Regarding Indilib, I'm not arguing that we should use it, but rather that we should seriously evaluate it. Lots of folks have clearly put in a lot of effort developing it, and we have so few resources available for POCS that we shouldn't ignore the potential benefits of adopting Indilib (or Indigo or Skynet).

I also want to investigate what frameworks exist that we could exploit for achieving greater robustness, extensibility and looser coupling. I've not yet found something that seems super strong in the Python realm, but will do some more research.

Does that sound reasonable?

jamessynge commented 6 years ago

Going rather off-topic...

Regarding Python, I don't love it as a choice for POCS simply because we find out about several classes of problems only at runtime (e.g. type mismatches and unknown symbols). Yet I recognize that Python is much more approachable for novice programmers than most compiled languages. This has led me to consider the benefits of POCS providing a framework written in a strongly typed language, but with extensibility with any language enabled via either a communication system like ZeroMQ, a protocol like HTTP (e.g. json RPCs) or even a simple unix pipe. This would allow schedulers and image analysis code to be in Python.

The advantage of an RPC like mechanism is that we don't have to do as much upfront design of our communications, and only need to focus on pair-wise contracts. OTOH, ZeroMQ, being more of a pub-sub system, seems better suited to a message-bus style. The latter can be very useful in that we don't need to know who the recipient of a message is, just what the format must be... which requires more planning.

gnthibault commented 6 years ago

My 2 cents here (amateur astronomer). I was trying to design a POCS-like software (for fun/ learning experience) for some month now. I found POCS while trying to look for a proper FSM support in python, and was really amazed by its features/the way it was written because it was very close to my ideal goal.

My new branch is now heavily inspired by POCS, and some of its files are just direct copies of it, please let me know if that is a problem/I should update some reference/licence files somewhere.

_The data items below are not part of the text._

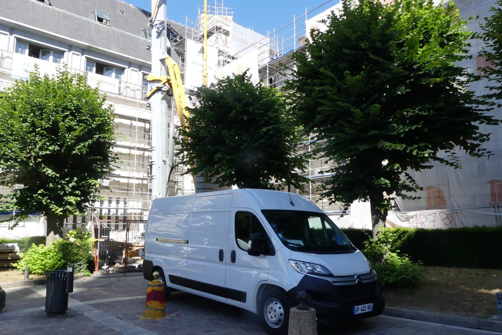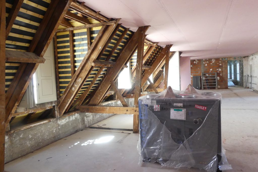 Près d’un an plus tard, « à chaque visite toutes les 2-3 semaines on observe de grands changements » note un observateur régulier des opérations. Ce sont actuellement une demi-douzaine d’entreprises et 67 ouvriers qui s’affairent quotidiennement du rez-de-chaussée au toit. « On est au pic de l’activité » nous explique-t-on. 450 menuiseries sur-mesure ont été nécessaires. Le toit en ardoise a été totalement refait.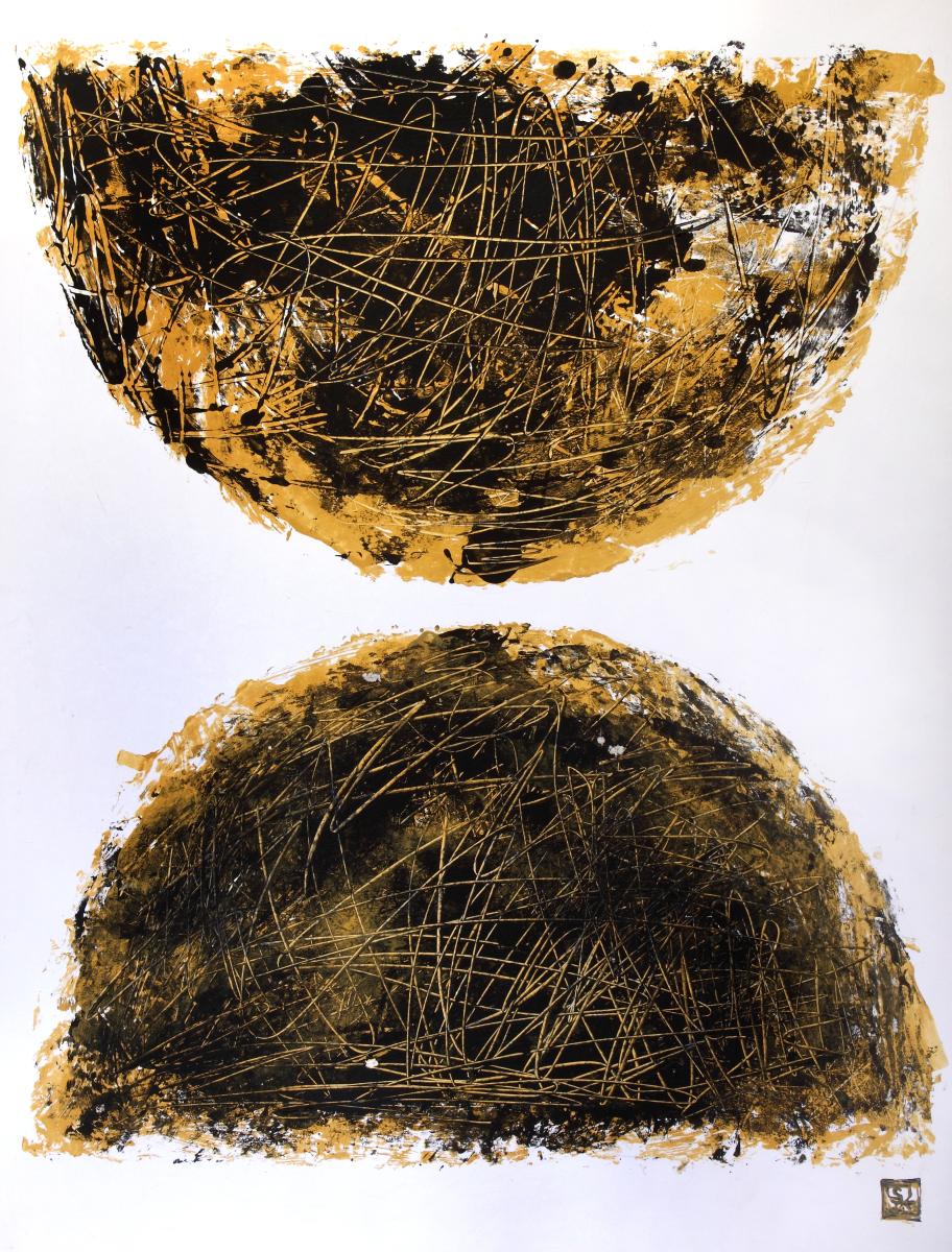 Kertünk felől – Villányi László verséhez – papír, tempera, monotípia – 70×50 cm – 2025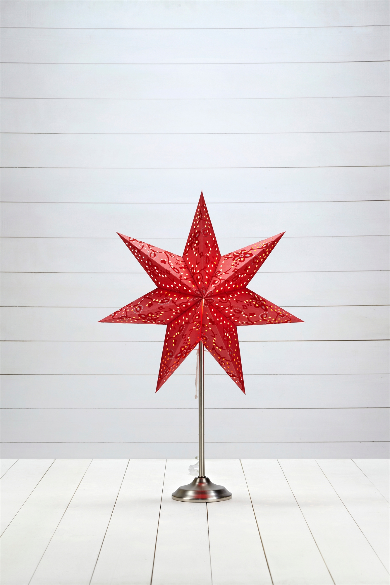 Настольная звезда, улучшающая настроение, с красным бумажным принтом и металлическим основанием. Для звезды требуется лампочка с маленьким цоколем (E14) мощностью не более 25 Вт или эквивалентная светодиодная, в комплект не входит. Прозрачный кабель длиной 2 м с выключателем. Размер лампы: 45 см в ширину, 21 см в глубину, 64 см в высоту.

Implementing an Indi version of the mount control class from POCS, is in my TODO list, although I haven't started yet.

Anyway, I first started with my own classes for providing services (astrometry, weather...) and relying on Indi for driving other devices like mount/camera or focuser.

Of course, I am nowhere near something usable now (I don't have time constraint, it is a personal project), but you can find example of pyindi usage and other services here: https://github.com/gnthibault/RemoteObservatory/tree/NewScopeSimulator

An example of an indi mount class in python: https://github.com/gnthibault/RemoteObservatory/blob/NewScopeSimulator/Mount/IndiMount.py

Example of Astrometry client (corrected with help from dustin Lang): https://github.com/gnthibault/RemoteObservatory/blob/NewScopeSimulator/Service/NovaAstrometryService.py

Sorry if that message disturbed the aforementioned issue tracking.

Regards

Thibault

jamessynge commented 6 years ago

Thibault, thanks for your input. After reading it I decided to post to our forum regarding the general topic of build/borrow/buy of this software. Perhaps you'd like to chime in?